Treatment for nephrogenic DI revolves around dietary measures (low-sodium diet) and thiazide diuretics. Limiting sodium intake to no more than 3 g/day often helps decrease urine output. When a low-sodium diet and thiazide drugs are not effective, indomethacin (Indocin) may be prescribed. Indomethacin, a nonsteroidal antiinflammatory drug (NSAID), helps increase renal responsiveness to ADH.

Diabetes mellitus

Description

Diabetes mellitus (DM) is a chronic multisystem disease related to abnormal insulin production, impaired insulin utilization, or both. Currently in the United States an estimated 25.8 million people, or 8.3% of the population, have diabetes mellitus. Approximately 7 million people with diabetes mellitus have not been diagnosed and are unaware that they have the disease.

■ Diabetes is the leading cause of adult blindness, end-stage kidney disease, and nontraumatic lower limb amputations. It is also a major contributing factor to heart disease and stroke.

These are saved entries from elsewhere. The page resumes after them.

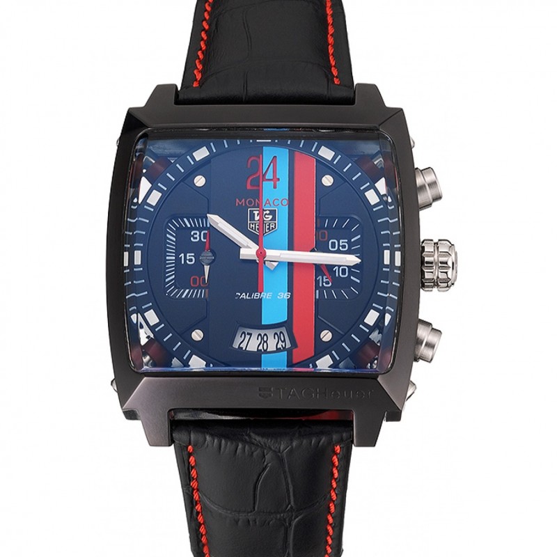 Barato Tag Heuer Monaco Calibre 36 azul y rojo rayas Dial Dial correa de cuero Negro 622272
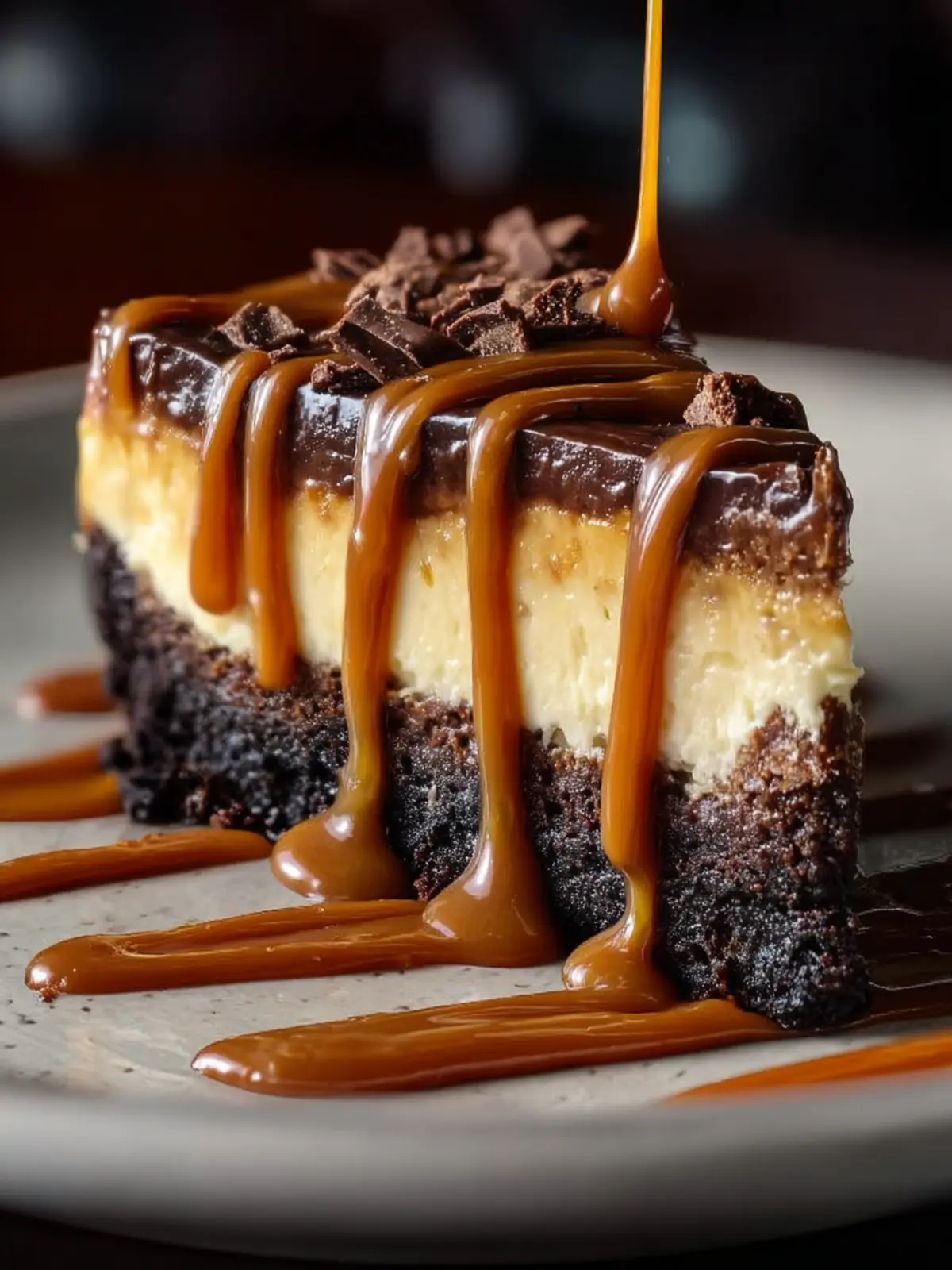 Textures that Please: The contrast of the dense brownie base and the light, creamy cheesecake filling offers a delightful texture play. Add the smooth caramel drizzle on top, and you have a dessert that invites you to savor each forkful.
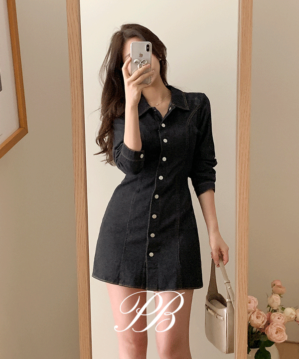 [모델픽][여리잘록핏/데이트룩] 러빈 셔츠라인 데님미니원피스 - 2color
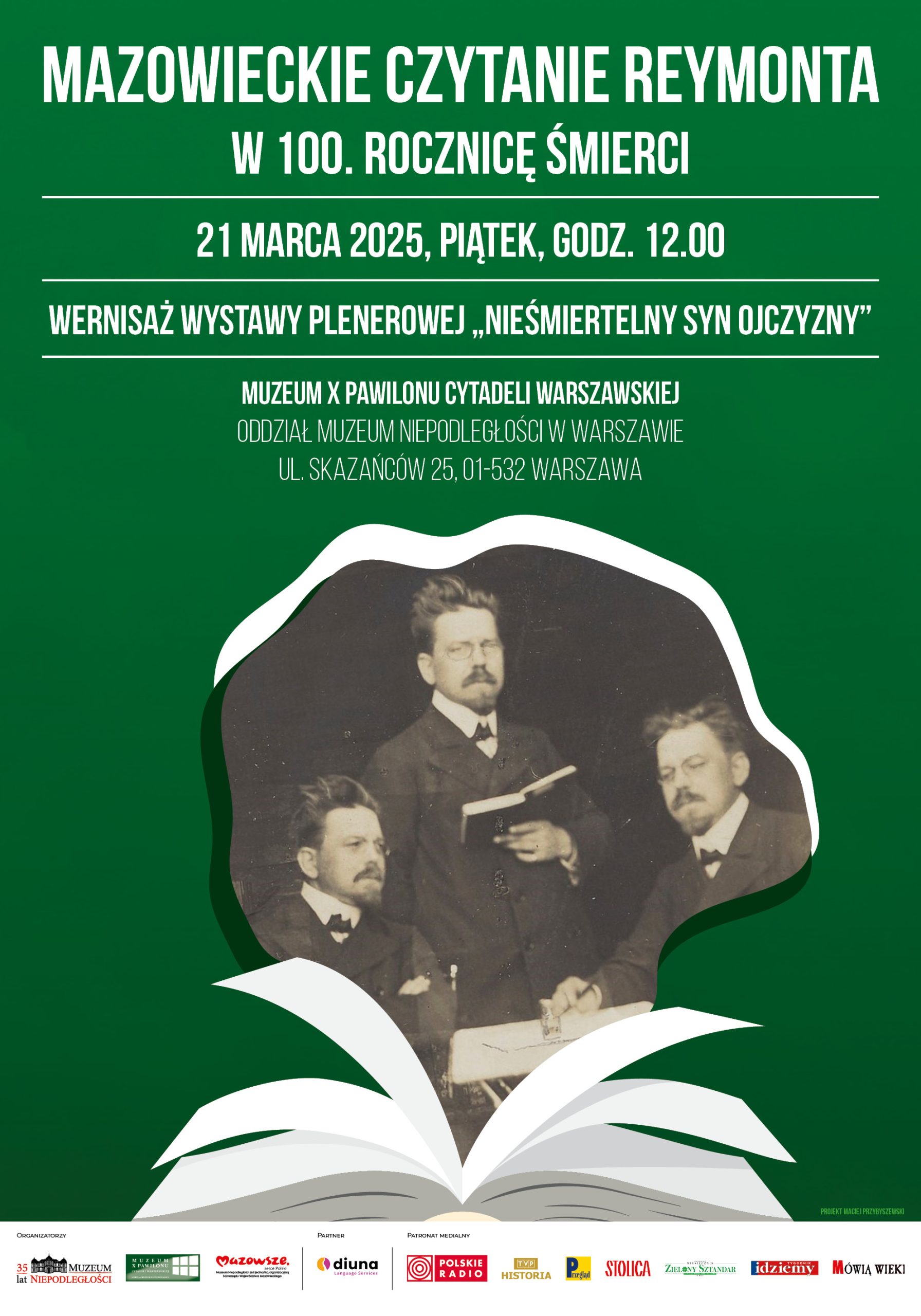 Przygotowaliśmy dla Was Mazowieckie czytanie Reymonta – fragmenty jego niezatartego dzieła w wykonaniu zaproszonych gości, które przeniosą nas w świat pełen emocji i literackich obrazów, które na zawsze wpisały się w historię polskiej literatury. Dodatkowo, zapraszamy na wernisaż plenerowej wystawy „Nieśmiertelny Syn Ojczyzny”, która z okazji 100. rocznicy przyznania Reymontowi Nagrody Nobla przybliży Wam życie i twórczość pisarza, ukazując, jak głęboko wpłynęły na naszą historię, kulturę i tożsamość narodową.
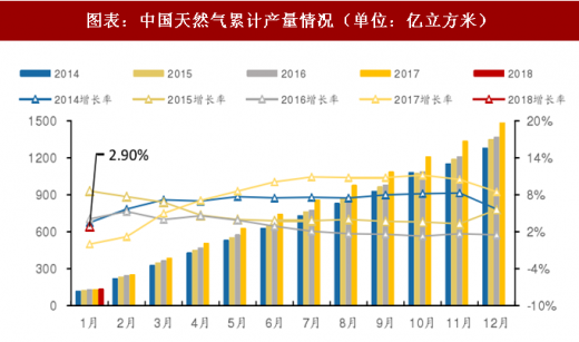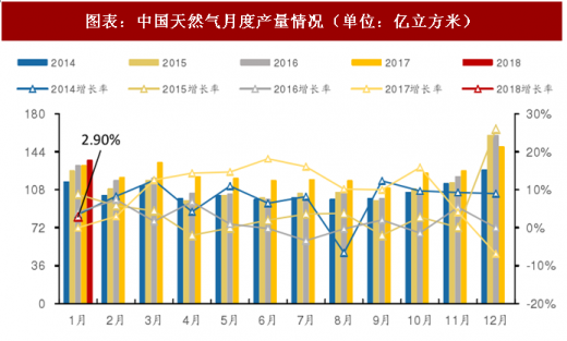 二、2018年1月天然气产量136亿立方米,同比增长2.9%
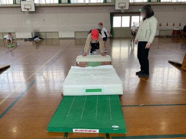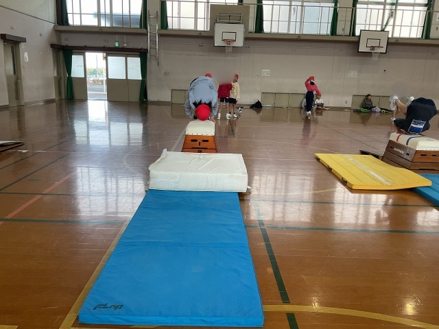 台上前転やかかえこみとびにチャレンジするために、まずは低めの4段で練習しています。
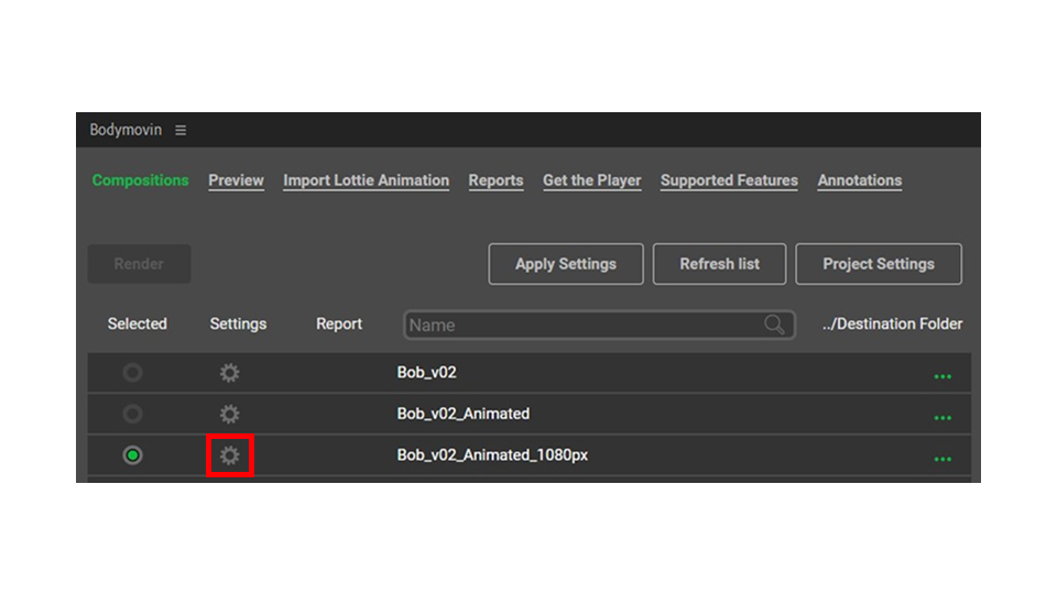 Click on Settings (the gear symbol) of the composition you want rendered.
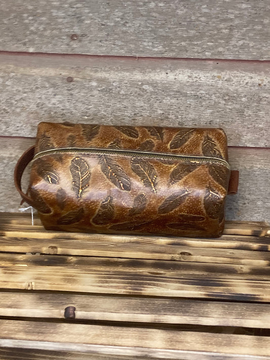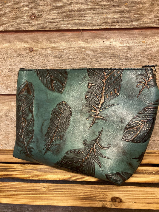 GREEN & BRONZE FEATHER EMBOSSED LEATHER COSMETIC BAG
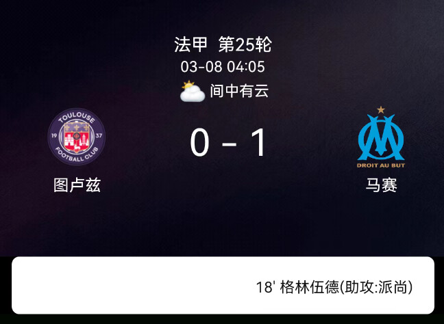 18分钟:派尚倒三角传球,格林伍德劲射破门,马赛1-0图卢兹
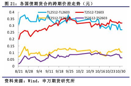 二、11月份行情总结展望 1、政策助力期债价格回升 10月份以来,国债期货价格走势偏强,一改三季度的弱势走势,主要是央行加大公开市场操作力度,恢复国债买卖操作,市场资金面转松,加上海外美国政府停摆,美联储降息和中美贸易摩擦等因素影响。 展望后市,尽管中美经贸磋商达成共识,但外部环境复杂严峻,不确定性仍存在,美联储进入降息周期后,美债收益率总体回落,国内货币政策空间加大。国内工业生产保持高位,以房地产为代表的需求端仍疲软,物价处于低位,二十届四中全会提出了“十五五”时期经济社会发展的主要目标,预计央行降准降息仍有空间,且将加大国债买卖等操作,资金面保持合理充裕,为“十五五”经济稳定增长和金融市场稳定运行营造适宜的货币金融环境,对国债期货价格也具有一定的支撑。 2、期现套利机会不明显 近期,国债期货价格和各主力合约对应的IRR有所回升,期货价格强于现货价格,但总体保持在1.8%附近,期现套利机会不明显。 3、关注跨期价差变化 国债期货的交割月份一般是 3、6、9、12四个季月。国债期货的跨期价差就是指的主力合约与它下一个季月的国债期货合约价格之差。11月份,2512合约将逐步开始移仓至2603合约,关注11月份移仓期间的跨期价差变化情况。 4、关注跨品种利差走势 10月份,长端利率下行幅度大于长端,长短端利差有所扩大,关注跨品种利差走势。
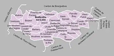 Les anciennes communes suivantes étaient incluses dans le canton de Bretteville-sur-Laize[4] :
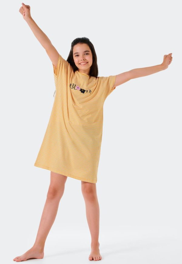 Kinder Sleepshirt Kurzarm Organic Cotton Ringel Blumen Gelb Happy Summer Gelb | SCHIESSER Nachtwäsche
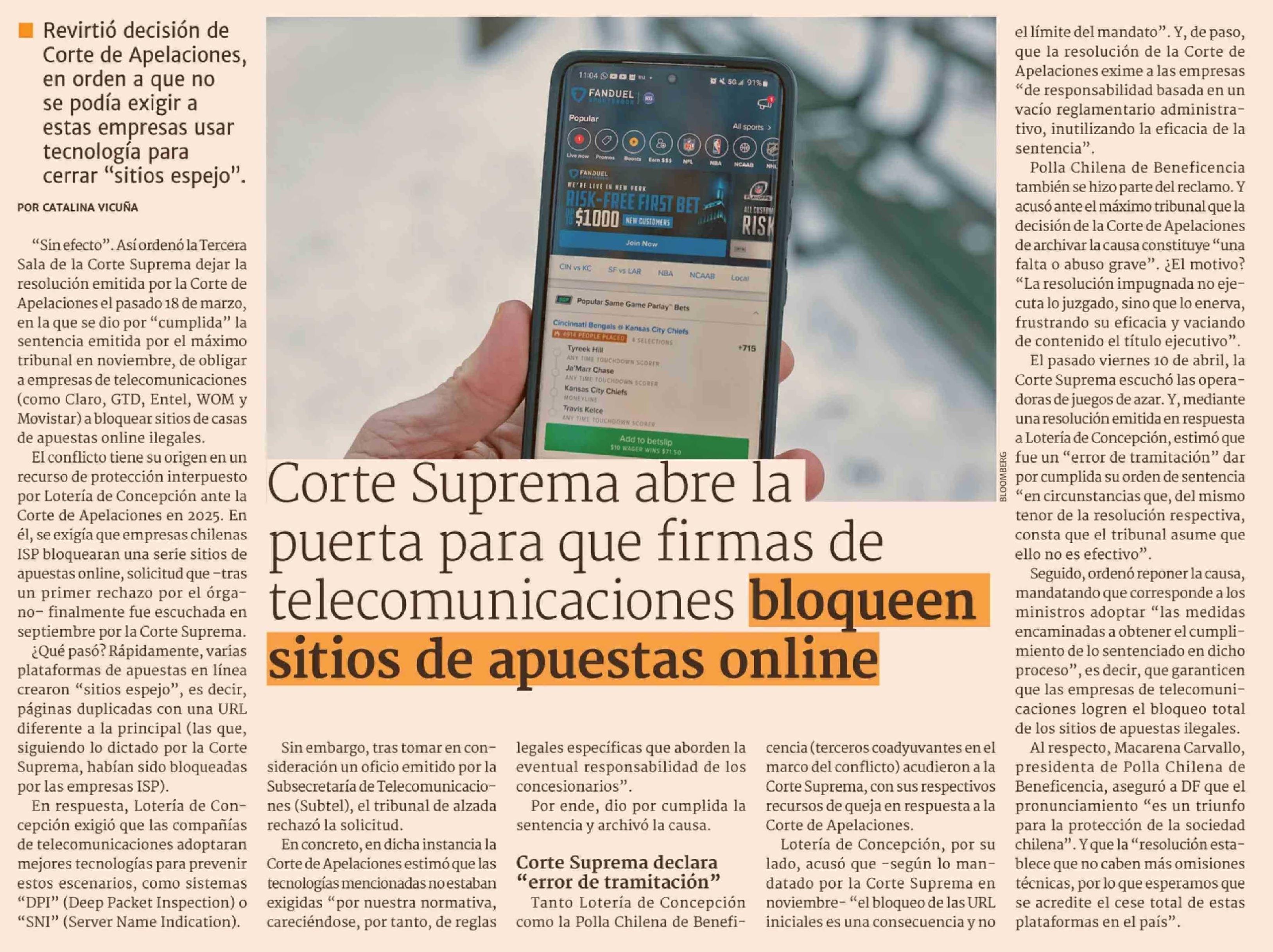 Corte Suprema abre la puerta para que firmas de telecomunicaciones bloqueen sitios de apuestas online
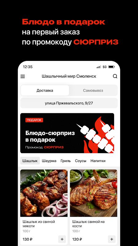 “Shashlyk World” adalah aplikasi pengiriman makanan di Smolensk!
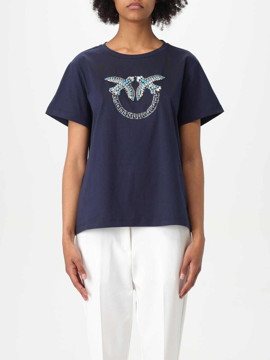 DESCRIPTION - Style: Sporty - Logo: Love Birds - Model: Crewneck - Neckline: Crewneck - Shoulders: Regular - Sleeves: Short - Bottom: With straight hemline - Materials: Cotton - Pattern: Logo DETAILS AND CARE Composition EST - Tessuto Esterno: 100%CO - ES1 - 1 SIZE AND FIT Sizes not available Size and fit Slim fit Designer code: 100535A2G7 G1A Giglio Code: 425453 Designer: Pinko Collection: Pinko Woman Category: Clothing Pinko
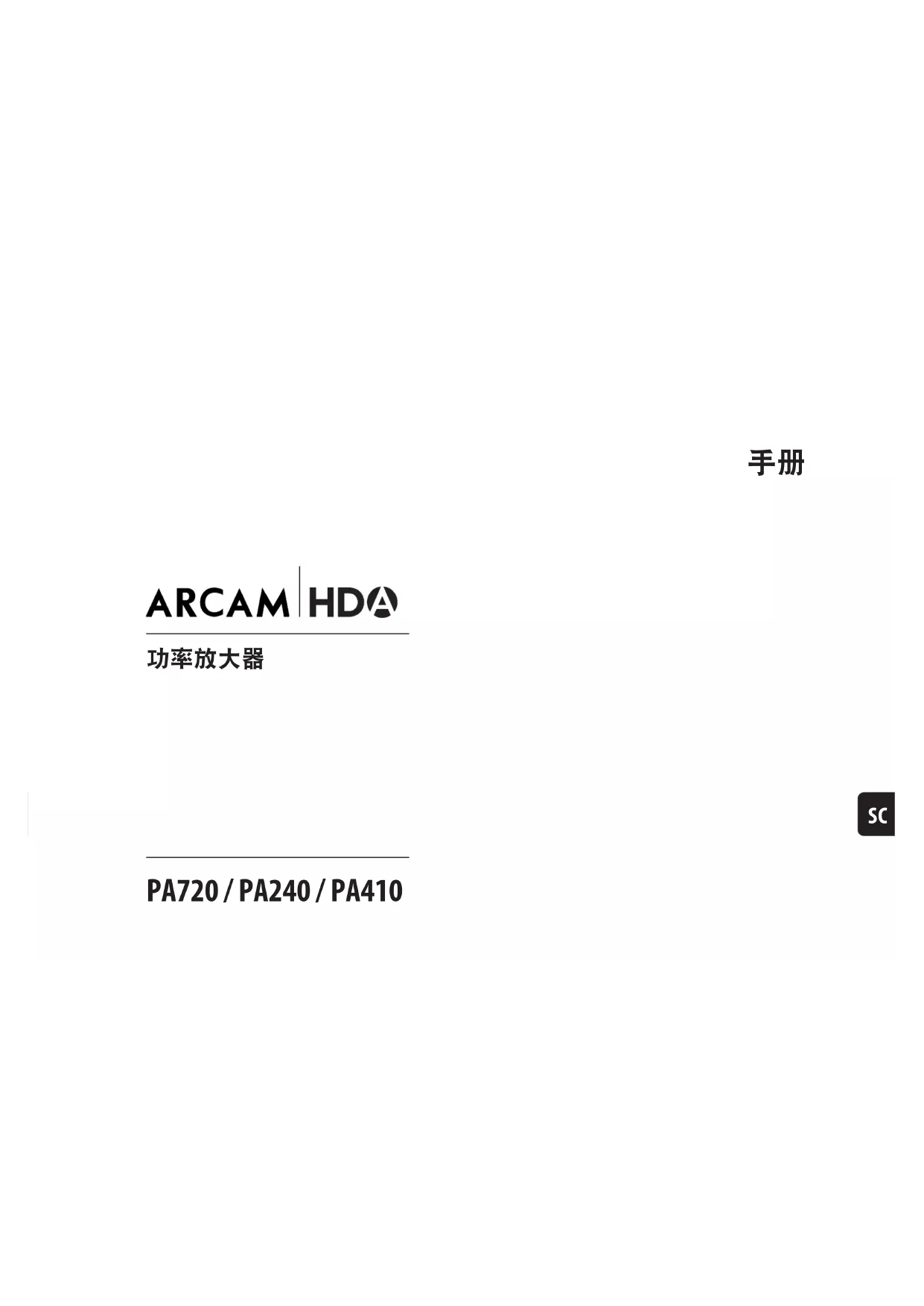 ...购买 Arcam PA720, PA240 or PA410功率放大器。 四十多年以来,Arcam 一直致力于生产品质卓越的专业音响产品,新款 PA720, PA240 and PA410 功率放 大器是屡获殊荣的高保真 (HiFi) 广泛产品系列的最新成员。Arcam 是英国最受推崇的音频设备企业之 一,而 HDA 系列的设计吸取了其所有的设计经验,造就了具有最佳性能的 Arcam 多通道功率放大器产品 系列,依托精心设计和制造给您带来多年的听觉享受。 本手册是 PA720, PA240 and PA410 的安装和使用指南,包含有关这类产品更先进功能的信息。请参考下一 页显示的目录列表转到您想要了解的章节。 我们希望该产品能够给您带来多年的无故障操作体验。如果您的产品发生任何故障(这种情况很罕见) ,或者您只是想要了解有关 Arcam 产品的更多信息,我们的经销商网络将很乐意为您效劳。您也可以通 过 Arcam 网站 www.arcam.co.uk 了解更多信息。 PA720, PA240 and PA410 研发团队SC-3
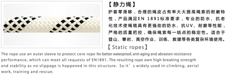 護(hù)套零滑移,合理的繩皮占有率大大提高繩索的耐磨特性,產(chǎn)品滿足EN1891標(biāo)準(zhǔn)要求,專業(yè)的防水,抗老化技術(shù)使繩纜具有更強(qiáng)勁的防水、抗UV,耐磨等性能,嚴(yán)格的質(zhì)量把控,確保繩索每一個(gè)結(jié)點(diǎn)的穩(wěn)定性。適合于登山、攀巖、高空作業(yè)、訓(xùn)練、救援等各類復(fù)雜環(huán)境使用。
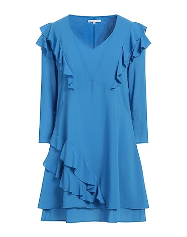 flared dress, crepe, solid color, ruffles, brand logo, v-neck, long sleeves, fully lined, without pockets, hand wash or dry clean, do not bleach, do not tumble dry
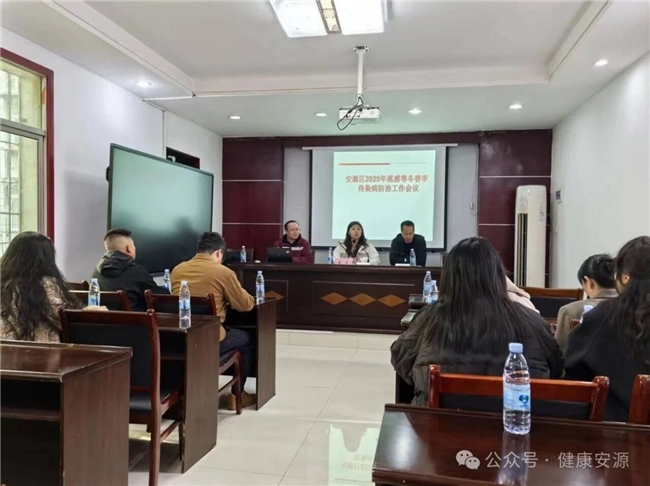 近日,江西省萍乡市安源区卫健系统在安源区疾控中心会议室召开流感等冬春季传染病防治工作会议。区卫健委党委委员、副主任、区疾控局专职局长张灵同志主持会议,区卫健委疾控股长、区属各卫生健康单位传染病防控工作分管领导、相关科室负责同志参加会议

■ The two most common types of diabetes are classified as type 1 or type 2 diabetes mellitus (Table 30).

Table 30

Comparison of Type 1 and Type 2 Diabetes Mellitus

Factor	Type 1 Diabetes Mellitus	Type 2 Diabetes Mellitus
Age at onset	More common in young people but can occur at any age.	Usually age 35 yr or older but can occur at any age.Incidence is increasing in children.
Type of onset	Signs and symptoms abrupt, but disease process may be present for several years.	Insidious, may go undiagnosed for years.
Prevalence	Accounts for 5%-10% of all types of diabetes.	Accounts for 90%-95% of all types of diabetes.
Environmental factors	Virus, toxins.	Obesity, lack of exercise.
Primary defect	Absent or minimal insulin production.	Insulin resistance, decreased insulin production over time, and alterations in production of adipokines.
Islet cell antibodies	Often present at onset.	Absent.
Endogenous insulin	Absent.	Initially increased in response to insulin resistance. Secretion diminishes over time.
Nutritional status	Thin, normal, or obese.	Frequently overweight or obese. May be normal.
Symptoms	Polydipsia, polyuria, polyphagia, fatigue, weight loss.	Frequently none, fatigue, recurrent infections. May also experience polyuria, polydipsia, and polyphagia.
Ketosis	Prone at onset or during insulin deficiency.	Resistant except during infection or stress.
Nutritional therapy	Essential.	Essential.
Insulin	Required for all.	Required for some. Disease is progressive and insulin treatment may need to be added to treatment regimen.
Vascular and neurologic complications	Frequent.	Frequent.

Type 1 diabetes mellitus

Type 1 diabetes, formerly known as “juvenile onset” or “insulin-dependent” diabetes, accounts for approximately 5% of all people with diabetes. This type generally affects people younger than 40 years of age, and 40% develop it before 20 years of age.

Pathophysiology.

Type 1 diabetes is an immune-mediated disease caused by autoimmune destruction of the pancreatic β cells, the site of insulin production. This eventually results in a total absence of insulin production. Autoantibodies to the islet cells cause a reduction of 80% to 90% of normal function before hyperglycemia and other manifestations occur.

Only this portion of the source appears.